MARY. "See, I have made thee a God to Pharaoh, and Aaron shall be thy prophet." How could Moses be a God, Mama? There is none but one.

MAMA. True: it is only a strong figure of speech to express the extent of delegated power Iwith which this eminent servant of the Most High was to be intrusted.

MARY. Mama, if God was to harden Pharaoh's heart on purpose, how could he help being wicked? I thought God hardened nobody. MAMA. I am glad you have put this question, my dear; it shews you think of what you read, and enables me to explain a phrase which has puzzled older heads than your's. No person is ever otherwise "hardened" by the most merciful and forbearing of Beings, than by mere cessation of divine interposition when become manifestly incorrigible, a state of reluctant abandonment to obstinate depravity, expressed in Scripture by being "given up to a reprobate mind." The best commentators tell us we have no authority

from the original for ascribing to God any hardening of Pharaoh's naturally stubborn disposition, till we come to the 9th chapter and 12th verse, when he had so decidedly and unpardonably resisted innumerable warnings, as to be judicially abandoned (with a propriety none but the most idle caviller could question) to the consequences of his impenitence and his impiety.
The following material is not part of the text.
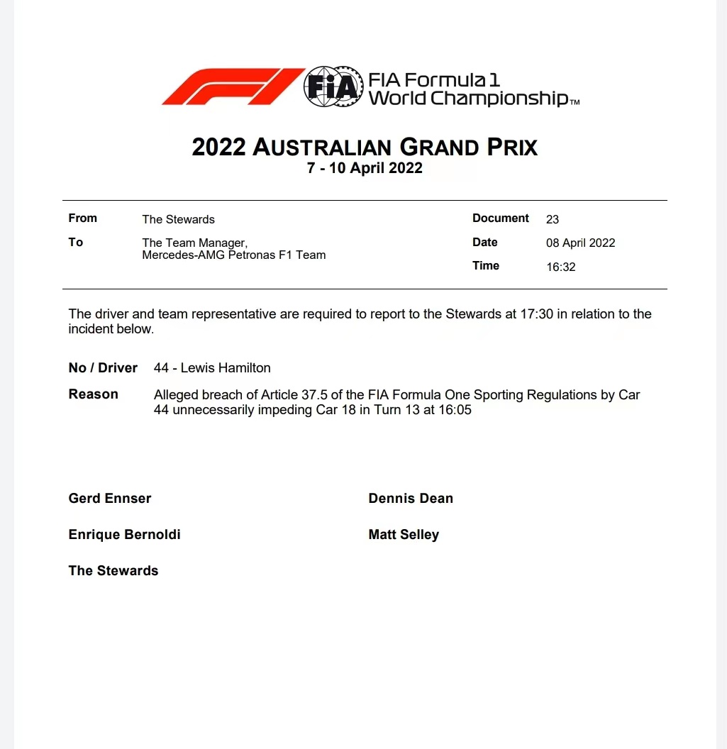 根据FIA文件,汉密尔顿因为在不必要情况下阻挡斯托尔,被赛会干事传唤。

This God foresaw would be the case, and prepared Moses for it accordingly; and thus only are we to understand his "heart being hardened" by Him, who "willeth not the death of" the most determined rebel," but rather that he may turn from his wickedness and live." We may gather from the passage that another important end, besides the triumphant rescue of Israel, was in the view of Jehovah in the impending judgments. What does He say at verse 5th ?

MARY. "And the Egyptians shall know that I am the Lord, when I stretch forth mine hand upon Egypt."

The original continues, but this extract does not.